Turning to the character of a site and whose version of history and character you choose to preserve, Alex Hearn said that Bristol is a bold, brash, messy, anarchic place which has a clear set of priorities.

To me, it’s less important to preserve a defunct 1940s department store than solve our crippling housing shortage and look after the 1600 families living in temporary accommodation.

Talk turned to how to deal with local stakeholder and community fatigue for any site where projects have failed to materialise, and the importance of engaging with new people, to not just preserve existing character but to create quality character of the future.

Laura Percy recounted using gaming tools to engage with a new audience in Lewisham: “Our designers decided to embed the masterplan for Lewisham into [the game platform] Fortnite as a way of engaging. We had a 98% positive response and met 20,000 people over the weekend that just came to just engage in a completely different way which led to a completely different conversation.”

Emma Hatch championed the principle of ‘always meanwhile’ while working with existing assets, to get people in as much as possible to build trust and rapport – a concept of ‘warmability’: “We typically work in joint ventures and have joint venture boards. Through our engagement programmes with schools, we invited some of the local kids to shadow a board to provide challenges and ideas. Some of the suggestions they came up with were much better than those of the commercial agents – they really resonated. What other ways can you hear different voices?”

 

 

The panel proved the point that knotty, complicated sites often yield extraordinary results because of the constraints placed on them, their inherent character, and the ambitions of forward-looking clients and their communities.

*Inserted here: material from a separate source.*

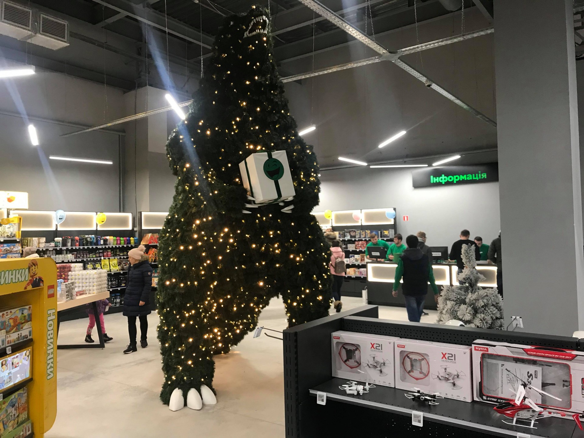 У магазині зі входу відвідувачів зустрічають електронні термінали Check in, є лінія видачі інтернет-замовлень, відділ з алкоголем, представлено й безліч інших груп товарів, є примірочні. У центрі залу розташована тематична фотозона – величезний динозавр зі смайлом Rozetka.

Respecting what’s survived on a site shouldn’t result in creating static monuments to a particular version of history. We ought to be making rich ‘future context’ that creates a continuity between what is to come and what has been. Often it’s about seeing opportunities out of legacy structures, infrastructure, site geometries, and social histories. It challenges current development models, but the sooner the better to shift mindsets from ‘minimising the abnormals’ to ‘maximising the novel’.